Figures available paint a dire situation of millions of Nigerian youths roaming the streets looking for work but finding none. The situation is compounded by the economic recession that has necessitated a situation in which rather than hire, many private enterprises now fire their staff in the name of rationalisation. Joblessness and frustrations are evidently fuelling the sense of youthful volatility and indeed the frequent cases of unrest across the country.

The Nigerian Bureau of Statistics (NBS) in its latest report confirmed a consistent pattern of worsening unemployment in the country, rising from 9.9 per cent in 2015 to 19.70 per cent in the last quarter of 2016. That one fifth of the nation’s labour force is idle is bad enough. But worse and extremely dangerous is the fact that more than 50 per cent of that army of idle citizens is peopled by those between the ages of 15 and 35.

When broken down, the NBS figures revealed quite clearly that out of a total youth labour force of 38.2 million, representing 48.7 per cent of the total labour force of 78.48 million in Nigeria, no fewer than 15.2 million of them were either unemployed or underemployed in the first quarter of 2016. In practical terms, this represents a youth unemployment rate of 42.24 per cent.

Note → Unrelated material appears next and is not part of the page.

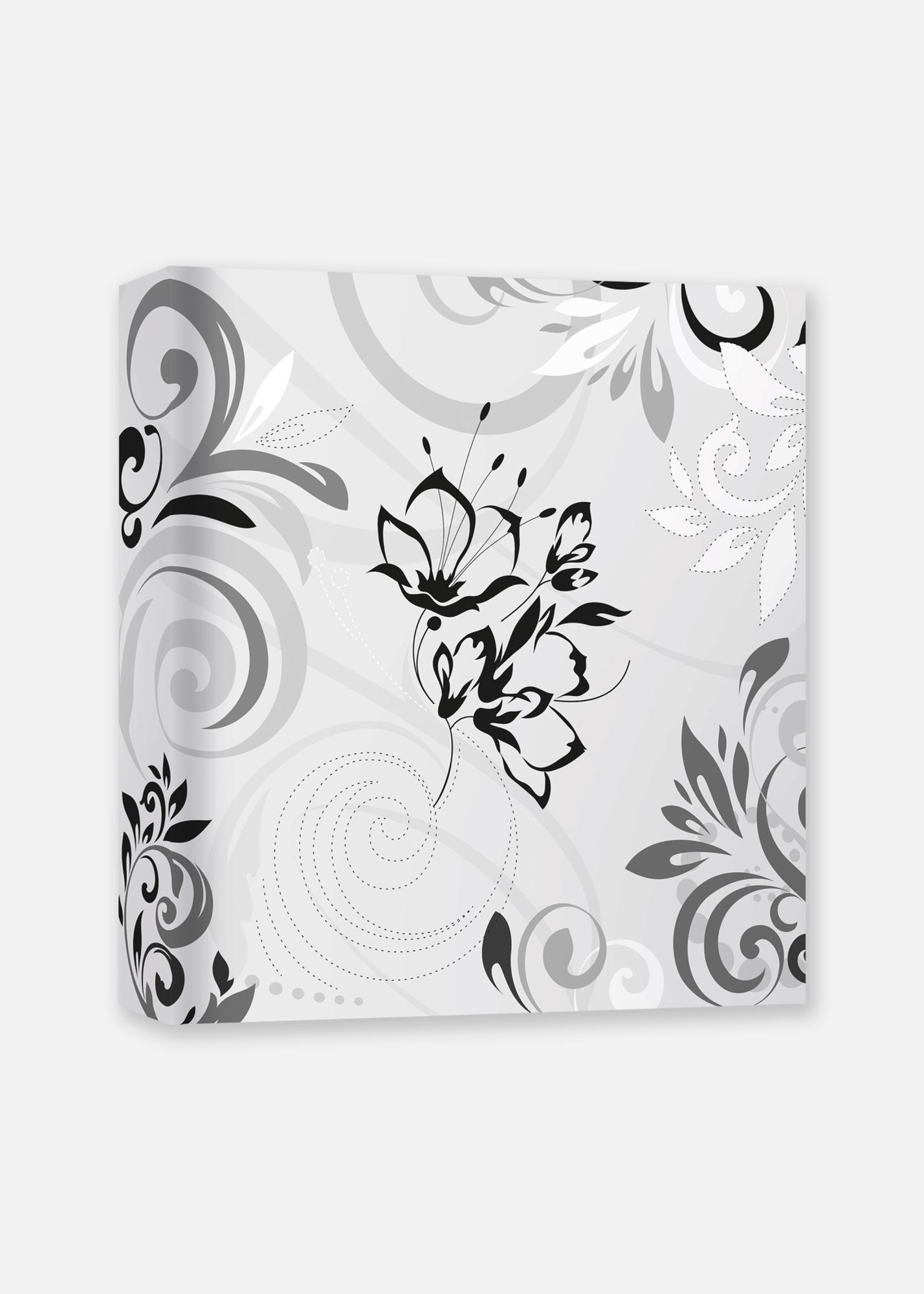 Coperta albă este prevăzută cu modele florale decorative în gri și negru, ceea ce face acest album să fie și un frumos detaliu de decor interior.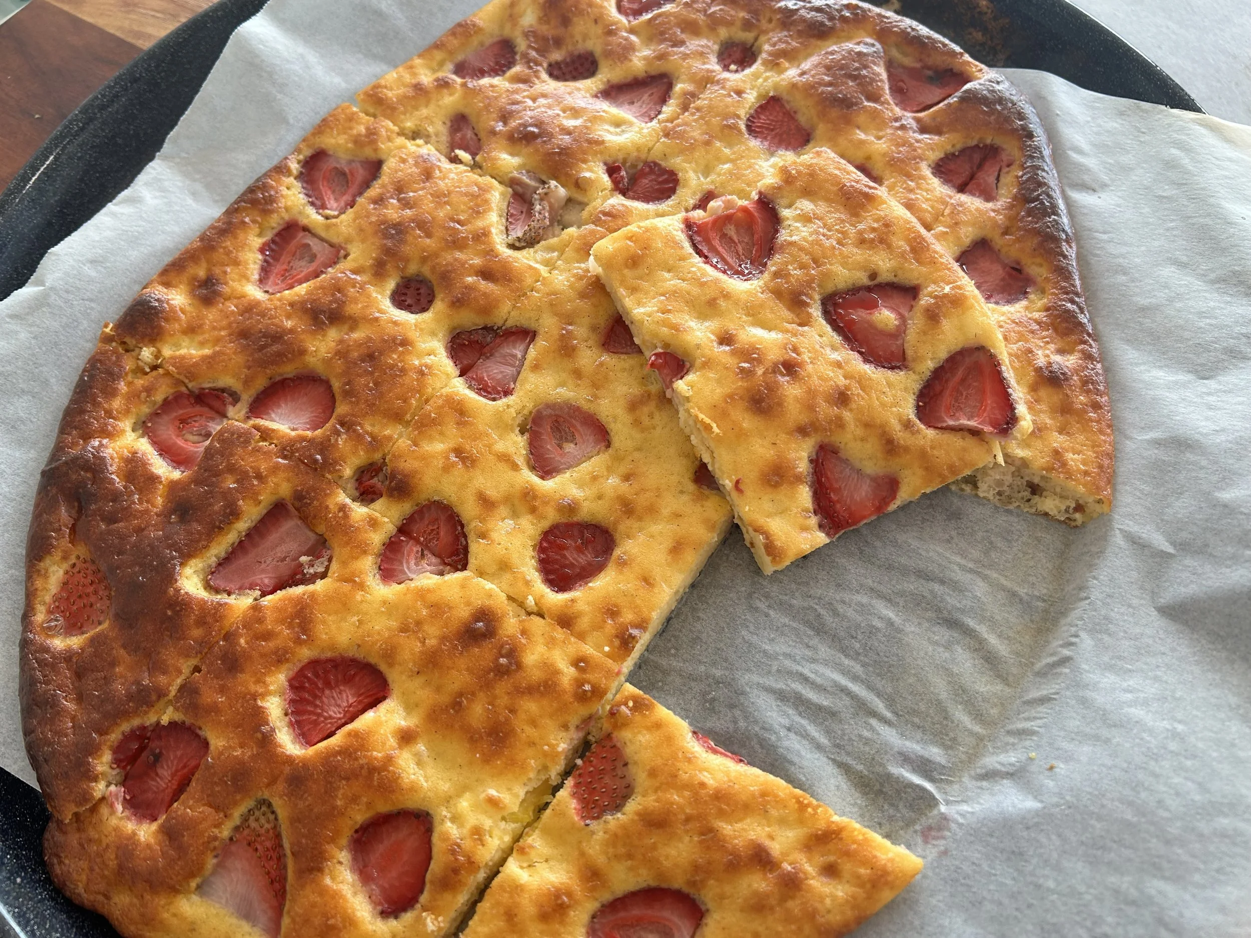 Use mixed frozen berries, or a mixture of stone fruits to top pan cake, such as nectarines, peaches and plums.

The danger of such a high level of idleness among millions of young persons is already manifesting in the high level of crimes in virtually every corner of the country. Whereas the multitude of violent outbursts might have religious and ethnic colorations and undertones, it is a notorious fact that most of the people in the field and trenches are youths who, if otherwise meaningfully engaged, would have been unavailable for those anti-social endeavours.

Unfortunately, the response from the federal government to these challenges remains incoherent. Even with all the rhetoric about diversification of the economy from oil to agriculture, the tilt is still towards heavy government participation. Besides, incentives for private sector and youth participation are scanty just as a credit regime to drive the sector does not exist. There is also no backup national communication campaign to make agriculture sexy for the digital generation who tends to see farming as synonymous with an ageing, colourless rural population. Yet there is no better time than now to make the much-touted transition from oil to agriculture as the growth catalyst for the Nigerian economy. It’s not as if we are left with much choice anyway.

Of more fundamental imperative, however, is that we must urgently realign the nation’s educational curriculum with the needs of the economy. Even though there are many well educated young men out there in the street, it has been said with some measure of justification that majority of the school leavers are actually unemployable with regard to their training and skills. It has therefore become necessary that our educational training curriculum at all levels incorporate skills acquisition and entrepreneurial development so that graduates leave school with the capacity to create wealth rather than seeking jobs that are not there.